## WORK TASK
The entries below contain pictures, which are to be left out; write out exactly, and only, the lines from the line with "Estas folhas de" up to and including the line with "Group of people".

## RECORDS SHOWN

◆ ◆ ◆

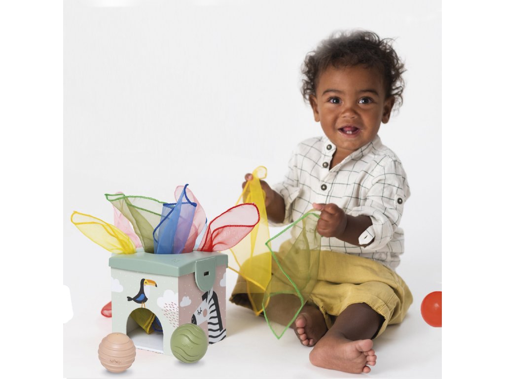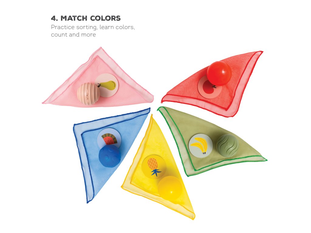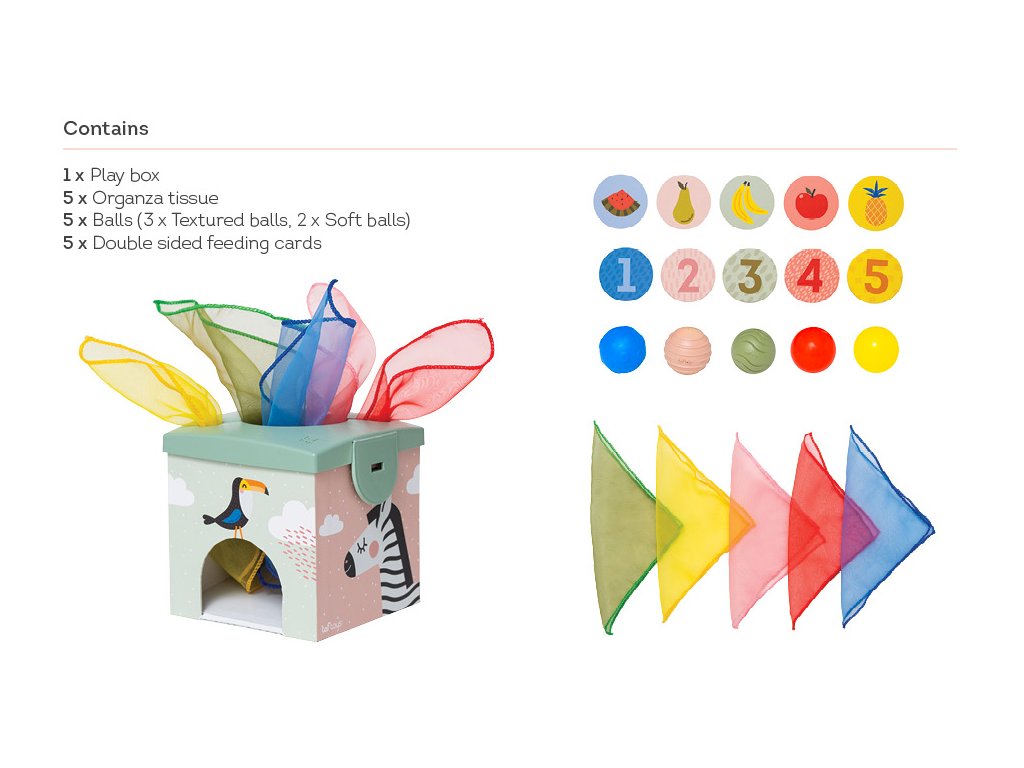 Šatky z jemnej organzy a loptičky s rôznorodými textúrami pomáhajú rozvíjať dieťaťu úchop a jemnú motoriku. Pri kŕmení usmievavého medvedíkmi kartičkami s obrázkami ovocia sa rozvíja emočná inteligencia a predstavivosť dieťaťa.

◆ ◆ ◆

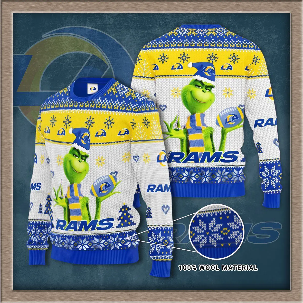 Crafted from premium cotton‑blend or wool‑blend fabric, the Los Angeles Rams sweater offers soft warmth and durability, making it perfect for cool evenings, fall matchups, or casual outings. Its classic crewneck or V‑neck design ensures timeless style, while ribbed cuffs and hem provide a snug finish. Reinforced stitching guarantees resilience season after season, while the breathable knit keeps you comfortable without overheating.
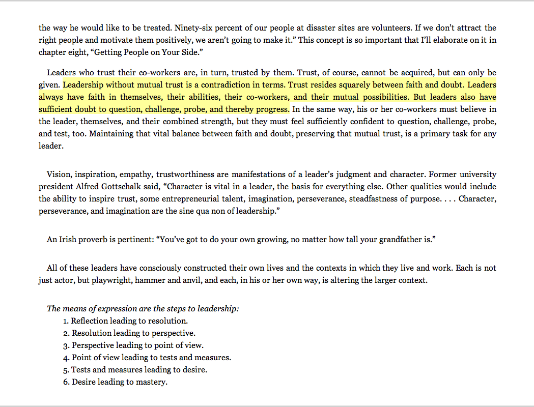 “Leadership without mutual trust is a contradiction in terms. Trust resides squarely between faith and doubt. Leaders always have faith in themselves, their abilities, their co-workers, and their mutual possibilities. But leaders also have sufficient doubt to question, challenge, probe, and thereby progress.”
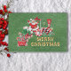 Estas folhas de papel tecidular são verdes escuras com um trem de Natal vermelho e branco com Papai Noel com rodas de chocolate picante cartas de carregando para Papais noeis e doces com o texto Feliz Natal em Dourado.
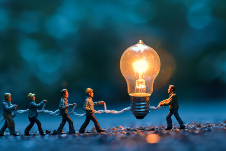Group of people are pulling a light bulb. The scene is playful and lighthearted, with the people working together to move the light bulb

◆ ◆ ◆

## RESPONSE TO THE EXERCISE
 Estas folhas de papel tecidular são verdes escuras com um trem de Natal vermelho e branco com Papai Noel com rodas de chocolate picante cartas de carregando para Papais noeis e doces com o texto Feliz Natal em Dourado.
Group of people are pulling a light bulb. The scene is playful and lighthearted, with the people working together to move the light bulb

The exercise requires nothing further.